Durante a pandemia, e especialmente durante o período inicial de bloqueio rigoroso da COVID-19, menos crianças foram ao médico para visitas a crianças de boa saúde, o que significa que menos crianças foram submetidas a testes de rotina para monitorar seus níveis de chumbo no sangue (BLLs), de acordo com um relatório de 2021 do CDC. Ao mesmo tempo, com as escolas e creches fechadas, essas crianças passavam mais horas em casa, em contato diário com tinta contendo chumbo, água, poeira e solo.
"A exposição ao chumbo afeta o cérebro em desenvolvimento na primeira infância, e seus efeitos são essencialmente permanentes", diz Andrew Loza, MD, PhD, um médico residente da Faculdade de Medicina da Universidade de Yale que examinou as taxas de testes de chumbo das crianças durante a pandemia em uma clínica de Connecticut.
Mesmo níveis baixos de exposição ao chumbo podem diminuir o QI e o desempenho cognitivo, causar dificuldades de aprendizado, diminuir a atenção das crianças e causar problemas de comportamento.

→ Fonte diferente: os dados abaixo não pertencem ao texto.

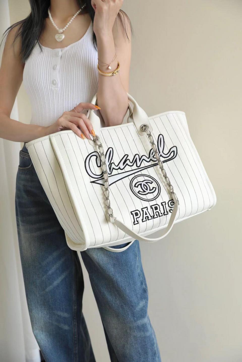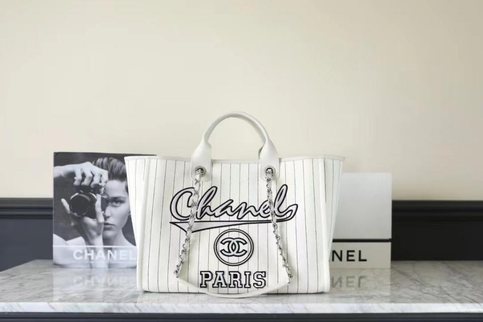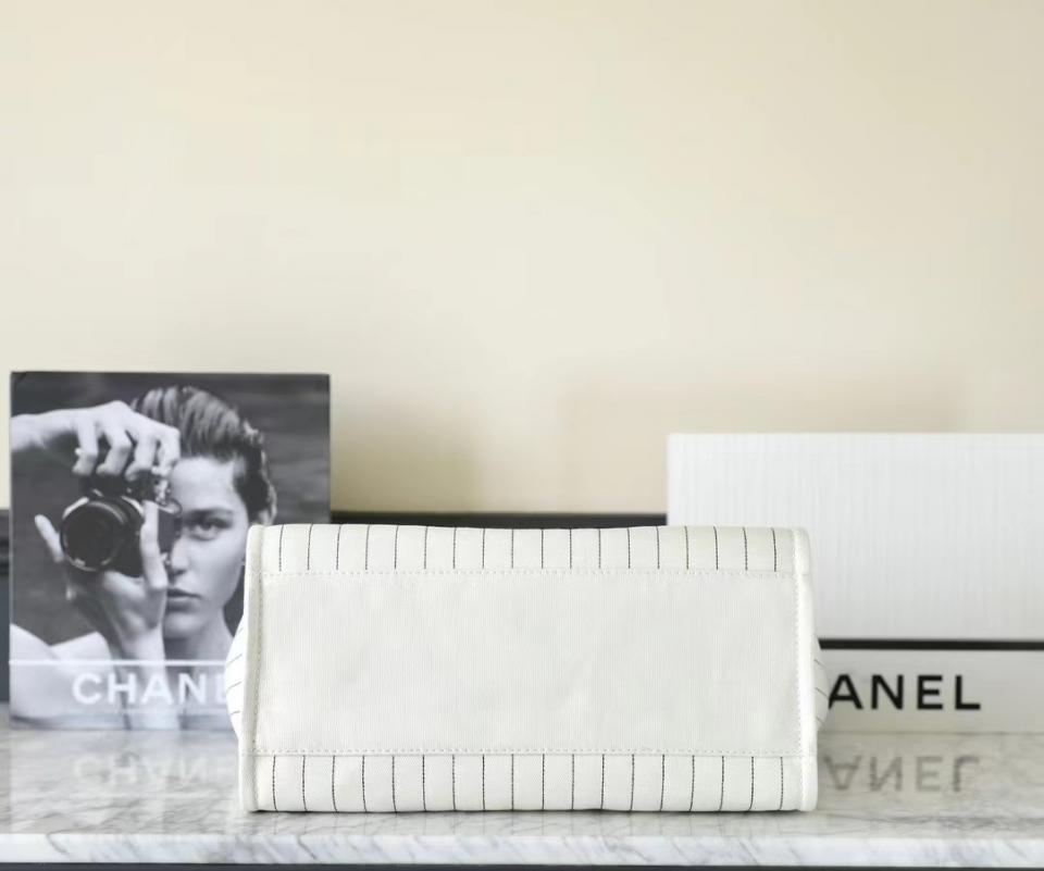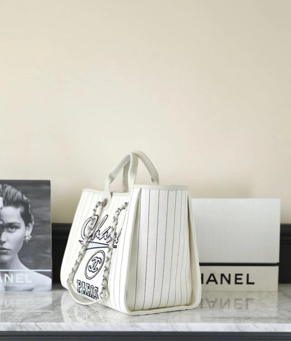 2023夏季新品 C家23p刺繡字母沙灘包(白色大號) 條紋設計 容量超大

Para adultos, a exposição ao chumbo está associada a maior risco de morte cardiovascular e danos renais.
Níveis elevados de chumbo também aumentam o risco de comportamento violento e até mesmo criminoso mais tarde na vida. Estudos publicados em Pesquisa Ambiental e em outros lugares mapearam picos de exposição ao chumbo infantil a nível populacional seguidos - tipicamente 20 anos depois - por surtos quase idênticos de criminalidade.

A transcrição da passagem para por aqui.